Demand for transportation fuels fell in 2020 primarily because of responses to the COVID-19 pandemic. As the vaccines for COVID-19 become more widely distributed in 2021, EIA expects the effects of the pandemic on liquids fuels consumption to moderate.


Biden Temporarily Suspends Oil, Gas Leases on Federal Property

“The Biden administration announced Thursday a 60-day suspension of new oil and gas leasing and drilling permits for U.S. lands and waters as officials moved quickly to reverse Trump administration policies on energy and the environment,” The Associated Press reports.
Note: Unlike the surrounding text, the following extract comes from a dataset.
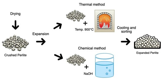 The production of expanded perlite begins with the crushing and drying of raw perlite ore. The material is first crushed into smaller particles to prepare it for the expansion process, and then it is dried to remove any surface moisture. After drying, the perlite can be expanded using one of two primary methods: the thermal method or the chemical method. In the thermal expansion method, the crushed perlite is heated in a furnace to a temperature of approximately 900 °C. At this high temperature, the trapped water within the perlite rapidly vaporizes, causing the material to expand up to 20 times its original volume. This sudden expansion creates a lightweight and porous structure that characterizes expanded perlite. Alternatively, in the chemical expansion method, the perlite is treated with sodium hydroxide (NaOH), although this approach is less common and is typically used to achieve specific properties in the expanded perlite. Following expansion, the material undergoes a cooling and sorting process. Once cooled, the expanded perlite is sorted by particle size, making it ready for use in various applications. Expanded perlite is valued for its lightweight, insulating, and fire-resistant properties, which make it suitable for uses such as construction materials, insulation, and filtration [15,16,17].

“The order did not ban new drilling outright. It includes an exception giving a small number of senior Interior officials…authority to approve actions that otherwise would be suspended.”

Fossil Fuel Production to Increase but Remain Below 2019 Peak

In 2020, fossil fuel production in the United States declined by an estimated 6% from the 2019 record high of 81.3 quadrillion British thermal units (Btu). Based on forecasts in the U.S. Energy Information Administration’s (EIA) January 2021 Short-Term Energy Outlook (STEO), EIA expects total production of fossil fuels in the United States to remain flat in 2021 as increased coal production offsets declines in natural gas production. EIA expects production of all fossil fuels—crude oil, coal, dry natural gas, and natural gas plant liquids (NGPL)—to increase in 2022, but forecast fossil fuel production will remain lower than the 2019 peak.

OPEC: U.S. Shale Output to Pick Up in 2021

In its monthly report, OPEC forecasts that “U.S. total oil supply will rise by 370,000 barrels per day (bpd) in 2021 to 17.99 million bpd.”

Reuters reports that “OPEC left its forecast for world demand unchanged, saying oil use will rise by 5.90 million bpd this year to 95.91 million bpd, following a record 9.75 million bpd contraction last year due to the pandemic.”

U.S. Oil and Natural Gas Production to Fall in 2021

In its January 2020 Short-Term Energy Outlook, the U.S. Energy Information Administration (EIA) forecasts that annual U.S. crude oil production will average 11.1 million b/d in 2021, down 0.2 million b/d from 2020 as result of a decline in drilling activity related to low oil prices. A production decline in 2021 would mark the second consecutive year of production declines. Responses to the COVID-19 pandemic led to supply and demand disruptions. EIA expects crude oil production to increase in 2022 by 0.4 million b/d because of increased drilling as prices remain at or near $50 per barrel.